Collection entries:
##############################

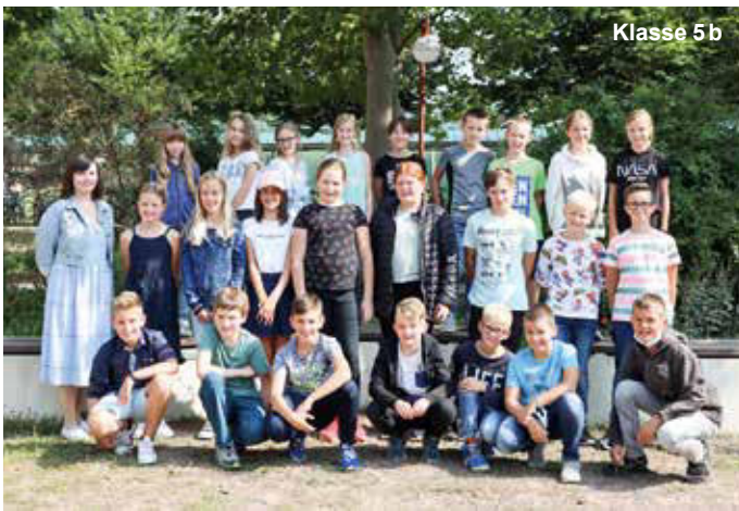
Klasse 5 b
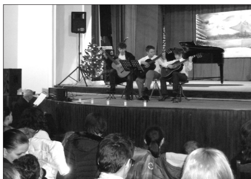
Základná umelecká škola F. Schuberta 14. decembra v Dome kultúry uviedla Vianočný koncert, v ktorom sa predviedli žiaci hudobného a tanečného odboru. Vystavené boli práce žiakov výtvarného odboru. (šh)

„V týchto lokalitách nás už poznali z televíznej súťaže Vzlietol páv, veľmi sa nám potešili a prijali nás s obrovskou láskou. Tieto účinkovania v nás zanechávajú hlboké stopy a množstvo zážitkov, aj preto tento projekt realizujeme už takmer desaťročie. Naše vystúpenia nám okrem iného poskytujú aj príležitosť spoznávať regióny, ktoré pri týchto príležitostiach navštívime. Tento rok sme navštívili pamätný park pri Stred nad Bodrogom, kde sme vysadili pamätný strom a pozreli sme si aj pamätné miesto z dôb osídlenia vlasti pri blízkej obci Karos.“ (ik)
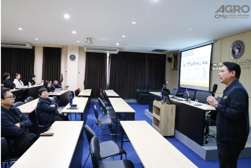
ข่าวกิจกรรม ที่ลิงค์ https://www.agro.cmu.ac.th/th/news/3498
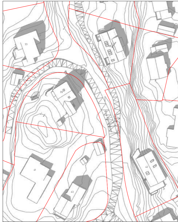
21. mai kl15
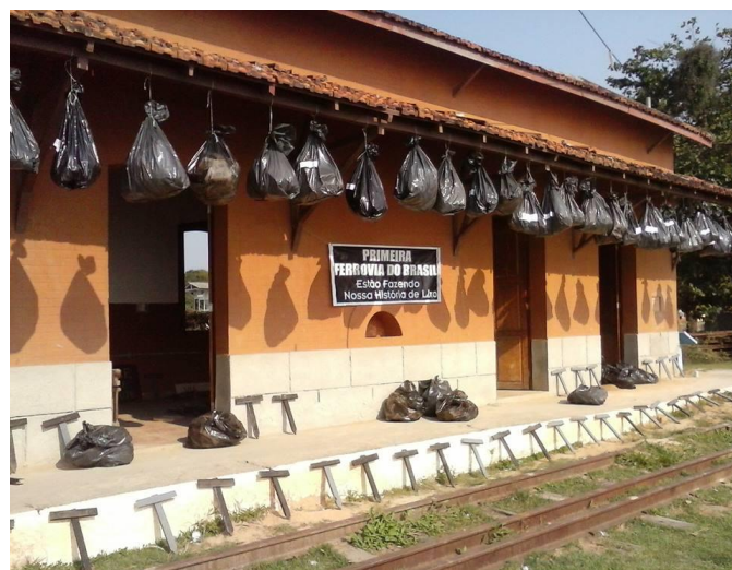
Estação Guia de Pacobaíba/Magé

Enquanto isso, a E. F. Mauá , tombada pelo Patrimônio Histórico em 1954 – ano do seu centenário - continua um tanto “abandonada” (para ser gentil), o que tem levado a população de Guia de Pacobaíba a promover inúmeros protestos. A foto abaixo é do protesto mais recente. Além das 161 Cruzes, penduraram sacos de lixo e o seguinte cartaz: “ Primeira Ferrovia do Brasil - estão fazendo nossa história de lixo ”.
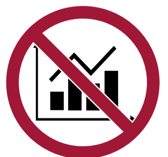
Realizar tareas estadísticas deportivas de cualquier tipo

Esta lista no es exhaustiva Más información en www.fcbarcelona.cat

##############################

Requirement - Nothing but a number should be given: the count of lines in the data above with the word "Guia".

Answer box - 2